China needs to push forward institutional reform to attract foreign investment

With growing external and internal challenges, China should further liberalize restrictions over foreign investment to enhance foreign investors’ confidence in the Chinese market

By NewsChina Updated Nov.1

On August 13, the State Council, China’s cabinet, issued a 24-point policy framework aimed at enhancing the business environment and encouraging foreign direct investment (FDI) into China. Addressing issues such as fair competition, tax incentives, cross-border data transfer, and research and development support, the measures emphasize the need to create a market-oriented, rule-of-law-based business environment, amid growing concerns among international businesses following tightened restrictions over investment to China imposed by the US.  

According to the World Investment Report 2022 released by the United Nations Conference on Trade and Development (UNCTAD), 36 countries, mostly developed economies, are conducting foreign direct investment screening for national security in 2021. Together they account for 63 percent of global FDI inflows in 2020.  

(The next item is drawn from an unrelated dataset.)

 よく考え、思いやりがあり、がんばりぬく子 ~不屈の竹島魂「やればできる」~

The external challenges only accentuate the significance of further opening up for China. In the past, China’s opening-up policy has focused on promoting the free flow of commodity and production factors. Since the establishment of the free trade zone in Shanghai in 2013, China shifted its focus to promote what it calls “institutional opening-up,” making and shortening its negative list of sectors that restrict or prohibit foreign investment. Since 2017, China revised its foreign investment negative list for four consecutive years, reducing restriction measures by nearly two-thirds, and introduced major opening measures in key sectors such as finance and automobiles. The manufacturing sector is now largely open to foreign investment.  

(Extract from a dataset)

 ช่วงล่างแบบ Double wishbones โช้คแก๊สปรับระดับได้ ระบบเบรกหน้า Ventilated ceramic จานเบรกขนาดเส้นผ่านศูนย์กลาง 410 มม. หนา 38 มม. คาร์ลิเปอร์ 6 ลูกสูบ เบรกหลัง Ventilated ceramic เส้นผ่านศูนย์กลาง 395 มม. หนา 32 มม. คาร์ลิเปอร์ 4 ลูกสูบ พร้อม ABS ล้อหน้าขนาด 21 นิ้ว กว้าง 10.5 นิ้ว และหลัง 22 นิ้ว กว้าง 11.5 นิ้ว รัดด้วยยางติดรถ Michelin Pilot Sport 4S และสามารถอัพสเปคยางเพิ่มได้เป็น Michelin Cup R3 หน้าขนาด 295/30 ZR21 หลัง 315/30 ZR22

Despite this progress, the negative list in 2021 still contained 31 items, with 8 categories and 22 items of special administrative measures for the service industry, covering areas such as logistics, education, culture, healthcare, commerce, telecommunications, digital technology and digital content services. Moreover, compared to international legal provisions, China’s foreign investment-related laws, including the negative list system, still lag behind in terms of transparency, stability, clarity and ease of implementation.  

With growing external and internal challenges, China should further liberalize restrictions over foreign investment to enhance foreign investors’ confidence in the Chinese market. First, it should focus on quickly implementing the recently unveiled 24 measures on attracting foreign investment.  

Second, it needs to accelerate the upgrade of the business environment. Currently, various global organizations such as the World Bank, UNCTAD, the International Telecommunication Union, the World Intellectual Property Organization and the World Economic Forum include the digital business environment in their evaluation indicator systems of business environment, making it an important reference indicator for attracting foreign investment. Therefore, China should align its digital business environment reforms with the World Bank’s new Business-Ready (B-Ready) regulatory system, which covers connectivity, data privacy and security, logistics, payments and digital market regulations.  

China also needs to promote fair competition between domestic and foreign-funded enterprises. Besides strictly enforcing its negative-list management system, it should address the restrictions on foreign investment in terms of business model, licenses and operating conditions. The government should focus particularly on the service and high-tech sectors such as semiconductors and artificial intelligence, while cautiously advancing the opening of value-added telecommunications, internet data centers (IDCs) and cloud computing businesses.